If you have print statements in your python code this type of symptom could happen (this should normally also give a clear error-message, but maybe in your setup does not). The symptom you describe with the "2 days factor" of some kind could be symptom of some type of "buffer" in your OS being filled to the top.
If you have print statements in your python code this type of symptom could happen (this should normally also give a clear error-message, but maybe in your setup does not).
I'm not sure to understand what you mean by "print statements in your python code". AFAICT, no such statements in my sites.
The symptom you describe with the "2 days factor" of some kind could be symptom of some type of "buffer" in your OS being filled to the top.

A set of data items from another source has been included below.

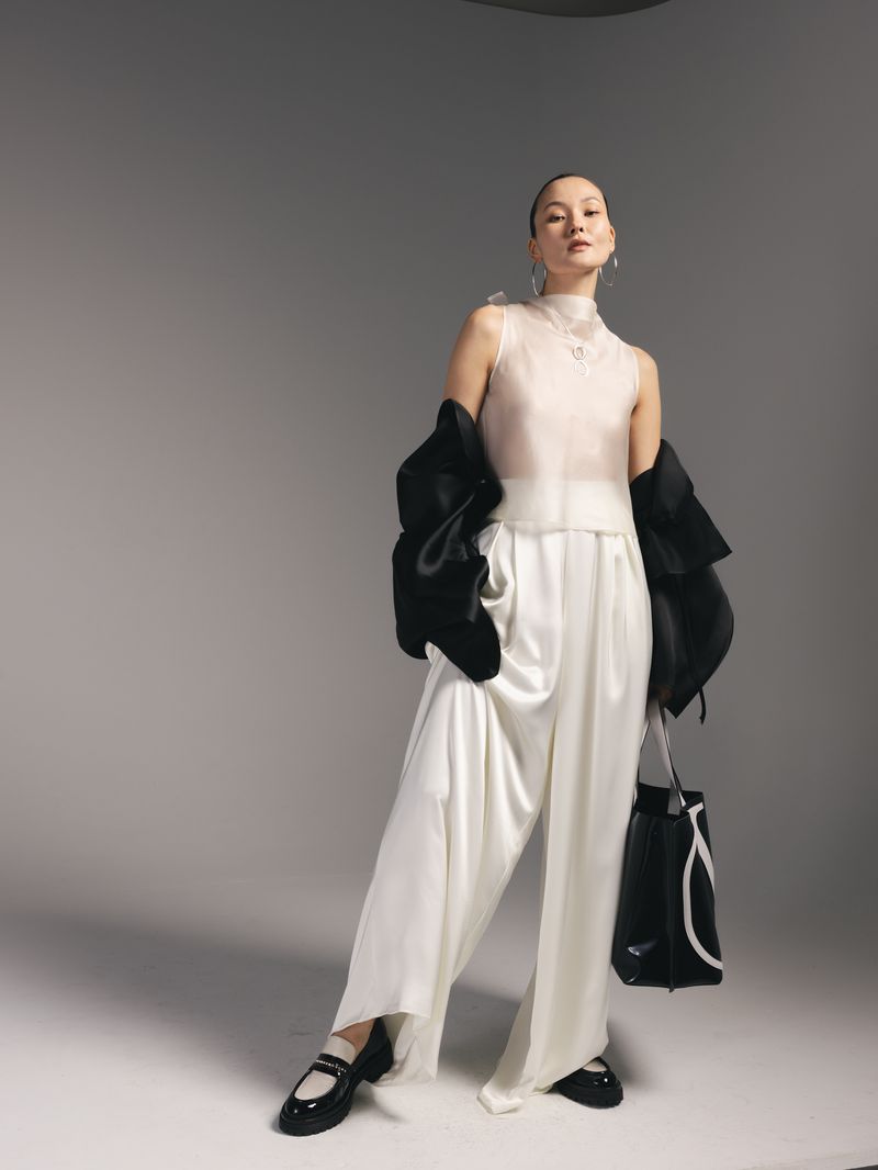 This organza bomber jacket blends edgy style with sheer elegance, featuring a lightweight, translucent design that adds a modern, airy twist to the classic bomber silhouette.
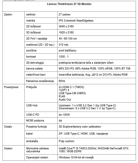 - Cena 3D-monitorja Lenovo ThinkVision 27 3D bo 2.999 evrov (z vključenim DDV), na izbranih trgih pa bo na voljo predvidoma od februarja 2024.
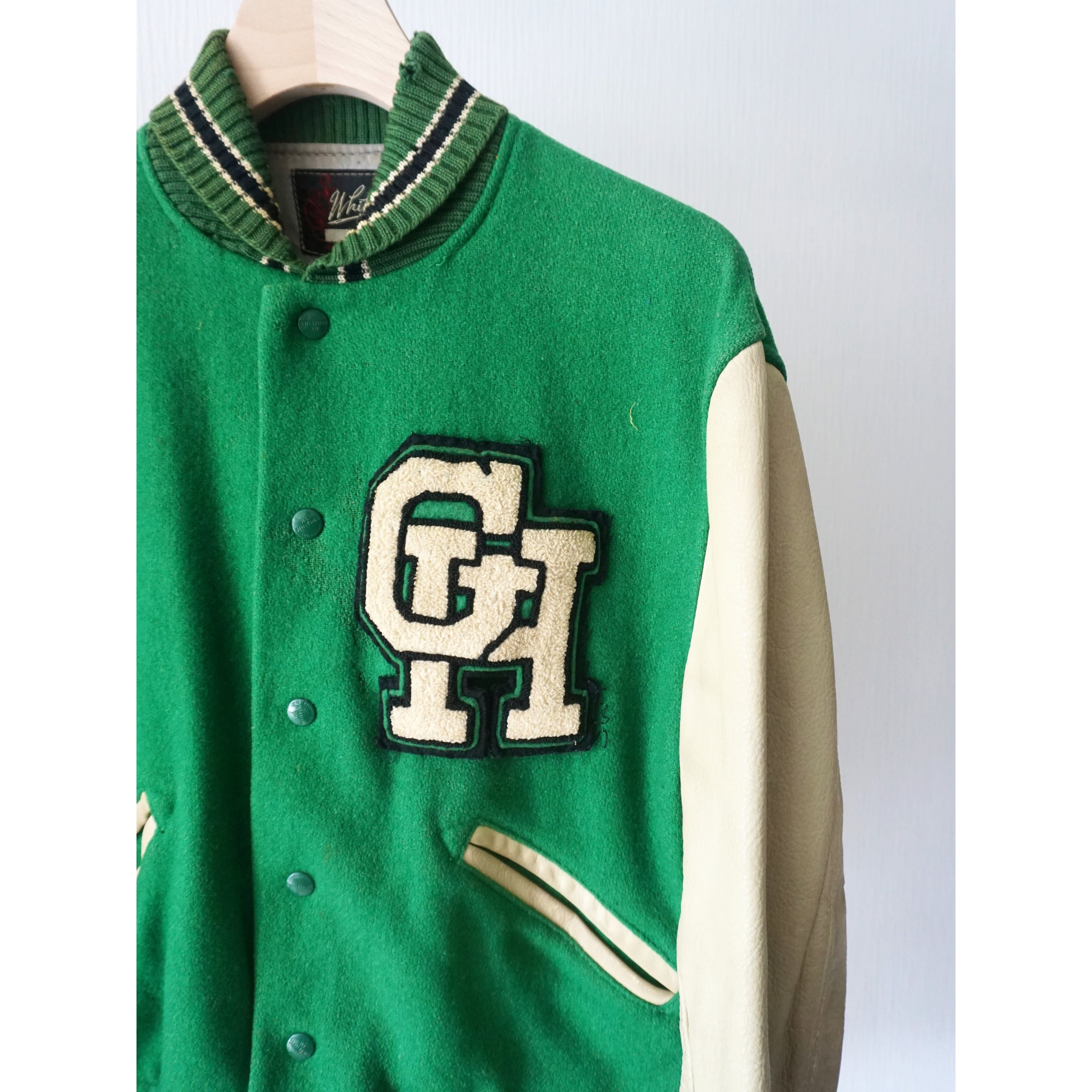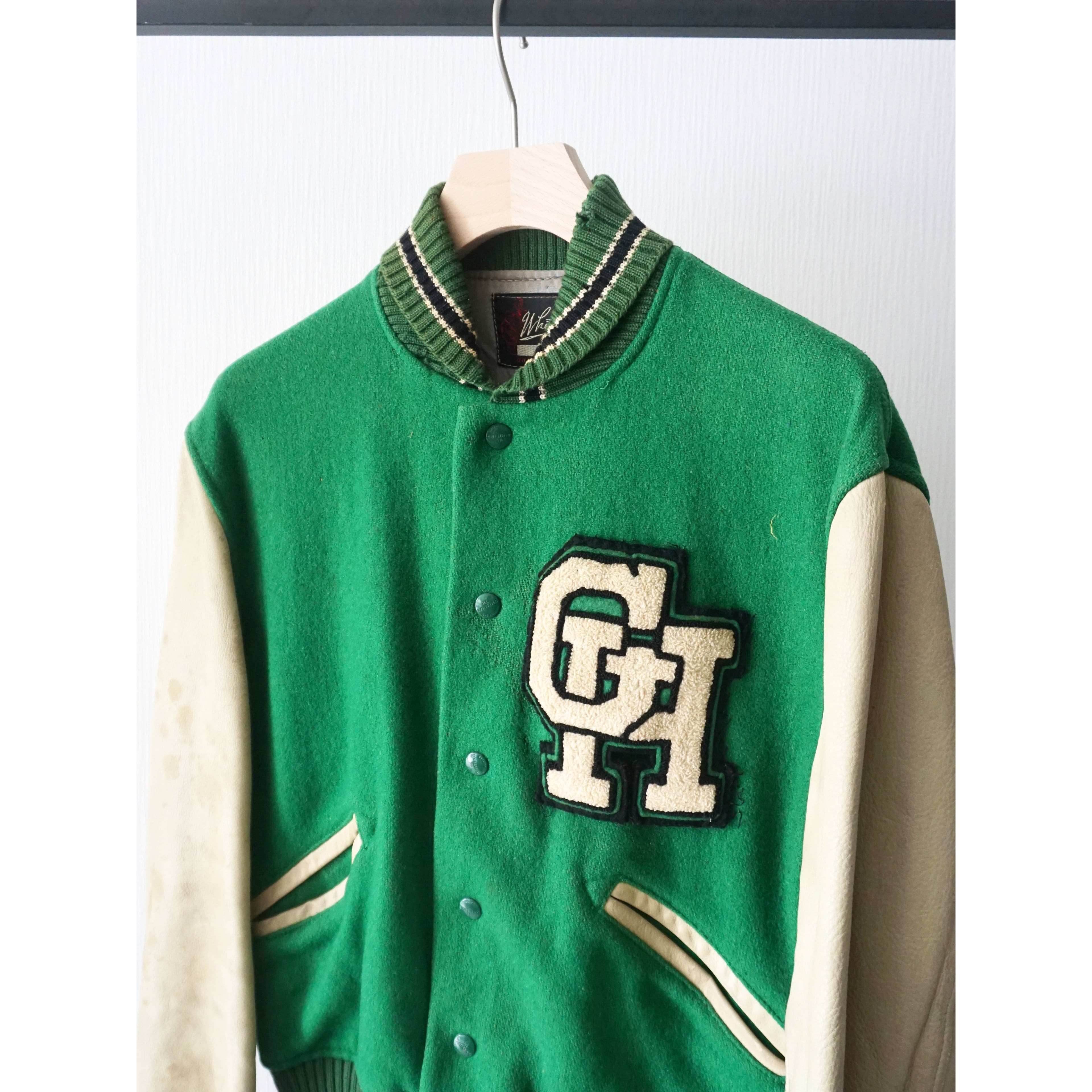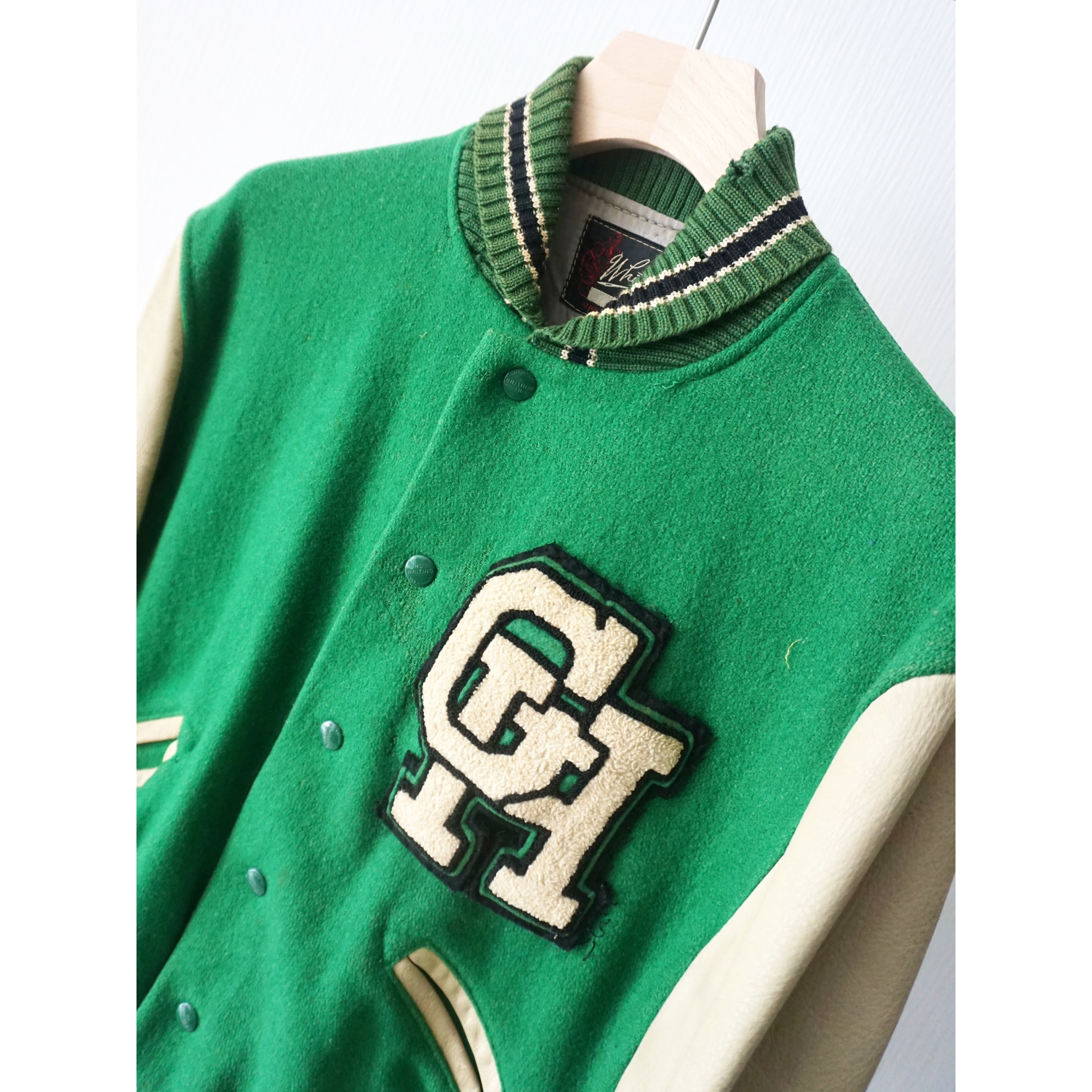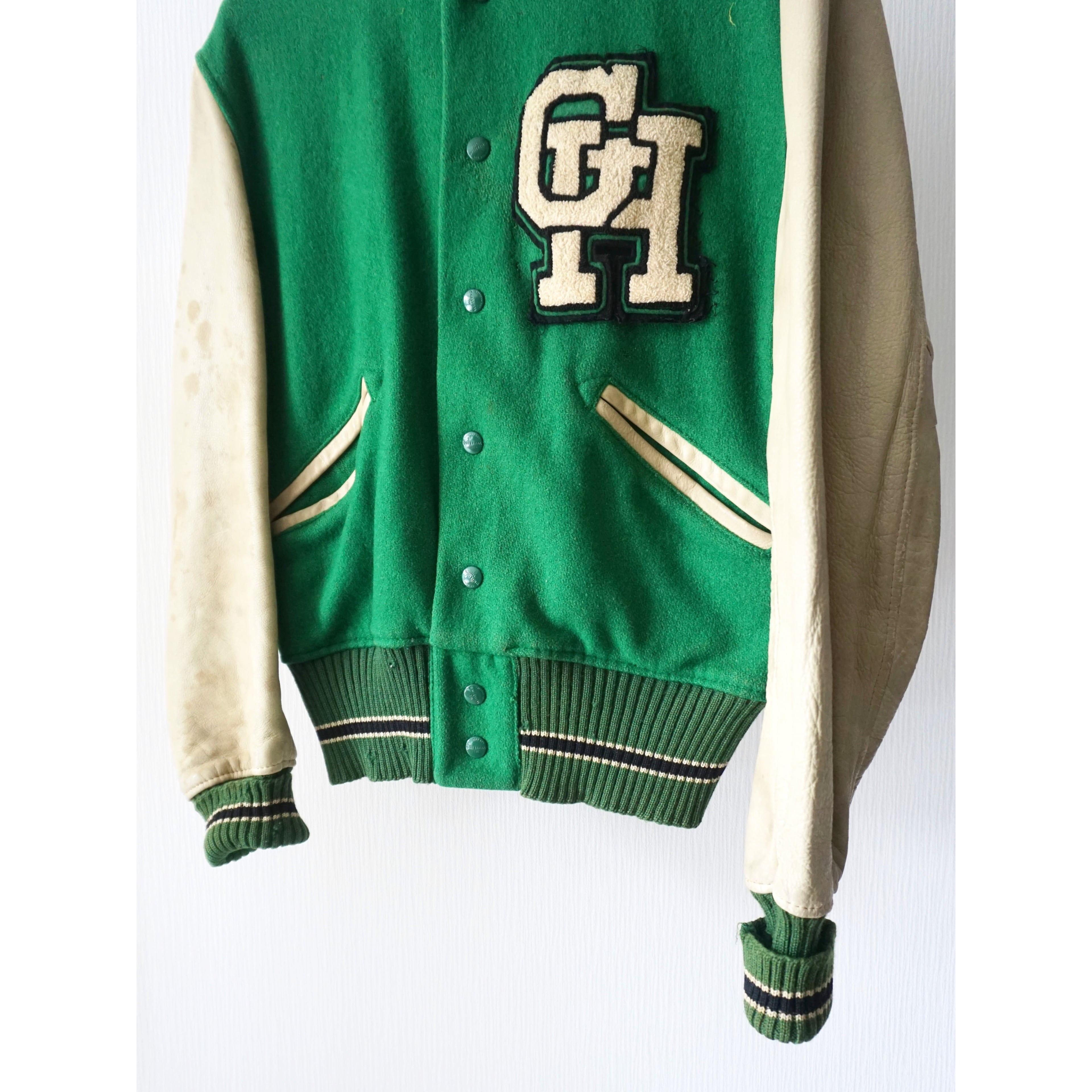 使い勝手の良いグリーンのメルトンウールに袖はベージュ系のレザーでのスタジャン。古い年代らしい特徴的なヘチマ襟、袖、裾共に長めなリブ等のディテールも◎

Currently, while my sites are up, that's not the case:
This indicates that your incoming requests are stacking up because the Plone backend is unable to answer the requests quickly enough. No idea about the nature and setup of your site but usually you would add more ZEO clients and balance requests been ZEO clients.
@zopyx Good to know: thanks! Unfortunately, I didn't take the ZEO route. Though the Plone backend is unable to answer the requests quickly enough, I guess it answers them later: do you think the delay is a problem for the site visitors?
It's not a good sign that there is a delay. You should set up some kind of monitoring to track the behaviour of the site (the entire stack from nginx down to Plone) to be able to observe what is normal and what is not for your particular setup and traffic patterns.
It depends on how you've deployed the site(s). If, say, on Amazon AWS there are tools there that help you monitor sites. Prometheus, Grafana, zabbix, xymon, but even just basic "is my site up" like uptime robot.